Sebab Bertambah dan Berkurangnya Iman


Setelah kita mengetahui iman itu bertambah dan berkurang, maka mengenal sebab-sebab bertambah dan berkurangnya iman memiliki manfaat dan menjadi sangat penting sekali. Sudah sepantasnya seorang muslim mengenal kemudian menerapkan dan mengamalkannya dalam kehidupan sehari-hari, agar bertambah sempurna dan kuat imannya. Juga untuk menjauhkan diri dari lawannya yang menjadi sebab berkurangnya iman sehingga dapat menjaga diri dan selamat didunia dan akherat.

Syeikh Abdurrahman as-Sa’di rahimahullah menerangkan bahwa seorang hamba yang mendapatkan taufiq dari Allah Ta’ala selalu berusaha melakukan dua perkara:

  1. Merealisasikan iman dan cabang-cabangnya serta menerapkannya baik secara ilmu dan amal secara bersama-sama.
  2. Berusaha menolak semua yang menentang dan menghapus iman atau menguranginya dari fitnah-fitnah yang nampak maupun yang tersembunyi, mengobati kekurangan dari awal dan mengobati yang seterusnya dengan taubat nasuha serta mengetahui satu perkara sebelum hilang.[1]

Mewujudkan iman dan mengokohkannya dilakukan dengan mengenal sebab-sebab bertambahnya iman dan melaksanakannya. Sedangkan berusaha menolak semua yang menghapus dan menentangnya dilakukan dengan mengenal sebab-sebab berkurangnya iman dan berhati-hati dari terjerumus di dalamnya.

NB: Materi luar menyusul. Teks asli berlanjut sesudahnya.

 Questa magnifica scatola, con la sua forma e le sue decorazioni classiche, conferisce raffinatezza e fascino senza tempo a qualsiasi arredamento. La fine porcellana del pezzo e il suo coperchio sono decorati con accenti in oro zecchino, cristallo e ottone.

Sebab-sebab Bertambahnya Iman

Pertama: Belajar ilmu yang bermanfaat yang bersumber dari al-Qur`aan dan as Sunnah. Hal ini menjadi sebab pertambahan iman yang terpenting dan bermanfaat karena ilmu menjadi sarana beribadah kepada Allah Ta’ala dan mewujudkan tauhid dengan benar dan pas. Pertambahan iman yang didapatkan dari ilmu bisa terjadi dari beraneka ragam sisi, di antaranya:

  1. Sisi keluarnya ahli ilmu dalam mencari ilmu
  2. Duduknya mereka dalam halaqah ilmu
  3. Mudzakarah (diskusi) di antara mereka dalam masalah ilmu
  4. Penambahan pengetahuan terhadap Allah dan syari’at-Nya
  5. Penerapan ilmu yang telah mereka pelajari
  6. Tambahan pahala dari orang yang belajar dari mereka

Kedua: Merenungi ayat-ayat kauniyah. Merenungi dan meneliti keadaan dan keberadaan makhluk-makhluk Allah Ta’ala yang beraneka ragam dan menakjubkan merupakan faktor pendorong yang sangat kuat untuk beriman dan mengokohkan iman.

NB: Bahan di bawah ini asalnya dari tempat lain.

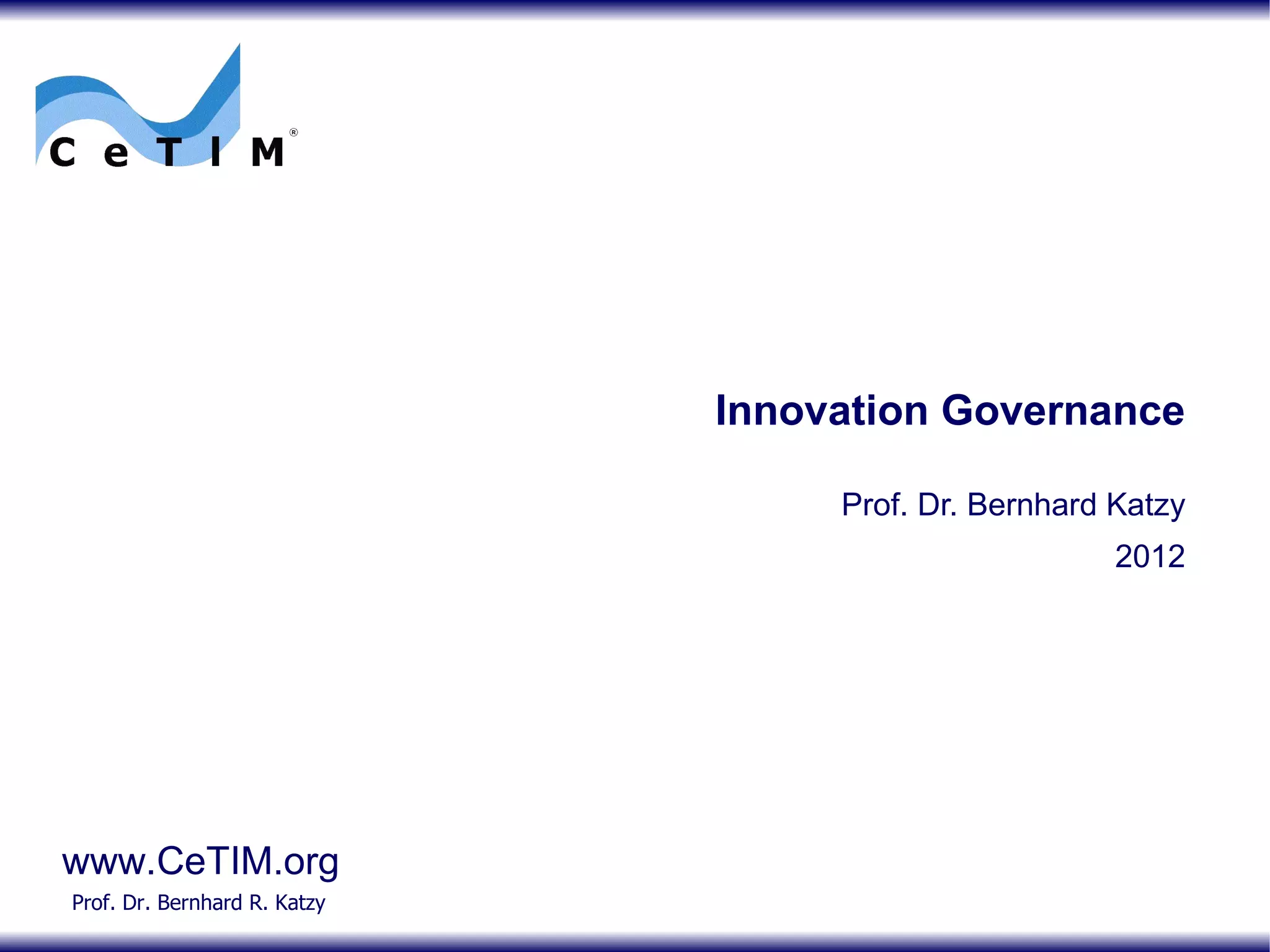 The document discusses innovation governance and three models: hierarchy/bureaucracy, new public management/market, and network. It presents examples of how governments have approached innovation funding and regulation using these different models. The text also examines a shift from government to multi-level governance and the case study of electronic health record innovation.

Syeikh Abdurrahman as-Sa’di rahimahullah menyatakan, “Di antara sebab dan faktor pendorong keimanan adalah tafakur kepada alam semesta berupa penciptaan langit dan bumi serta makhluk-makhuk penghuninya dan meneliti diri manusia itu sendiri beserta sifat-sifat yang dimiliki. Ini semua adalah faktor pendorong yang kuat untuk meningkatkan iman”.[2]

Ketiga: Berusaha sungguh-sungguh melaksanakan amalan shalih dengan ikhlas, memperbanyak dan mensinambungkannya. Hal ini karena semua amalan syariat yang dilaksanakan dengan ikhlas akan menambah iman. Karena iman bertambah dengan pertambahan amalan ketaatan dan banyaknya ibadah.

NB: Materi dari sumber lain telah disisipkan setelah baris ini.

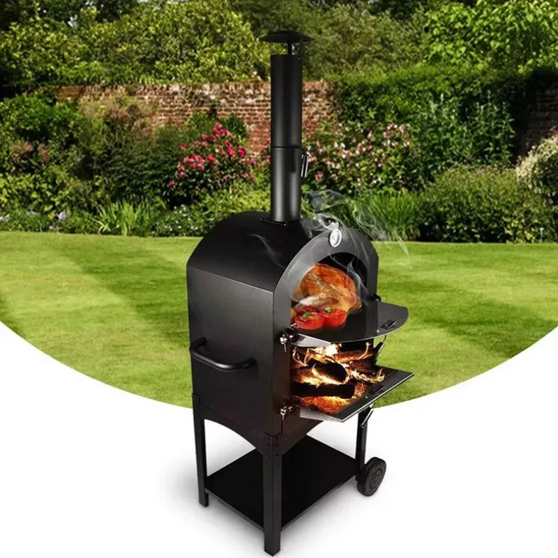 12 inch buitenpizzaoven op houtskool en brandhout, multifunctionele oven voor achtertuin, patio, tuin, koken, ingebouwde thermometer

Syaikh Muhammad bin Shalih al-Utsaimin rahimahullah pernah menuturkan, “Di antara sebab pertambahan iman adalah melakukan ketaatan. Sebab iman akan bertambah sesuai dengan bagusnya pelaksanaan, jenis dan banyaknya amalan. Semakin baik amalan, semakin besar penambahan iman dan bagusnya pelasanaan ada dengan sebab ikhlas dan mutaba’ah (mencontohi Nabi shallallahu ‘alaihi wa sallam). Sedangkan jenis amalan, maka yang wajib lebih utama dari yang sunnah dan sebagian amal ketaatan lebih ditekankan dan utama dari yang lainnya. Semakin utama ketaatan tersebut maka semakin besar juga penambahan imannya. Adapun banyak (kwantitas) amalan, maka akan menambah keimanan, sebab amalan termasuk bagian iman. Sehingga pasti iman bertambah dengan bertambahnya amalan.”[3]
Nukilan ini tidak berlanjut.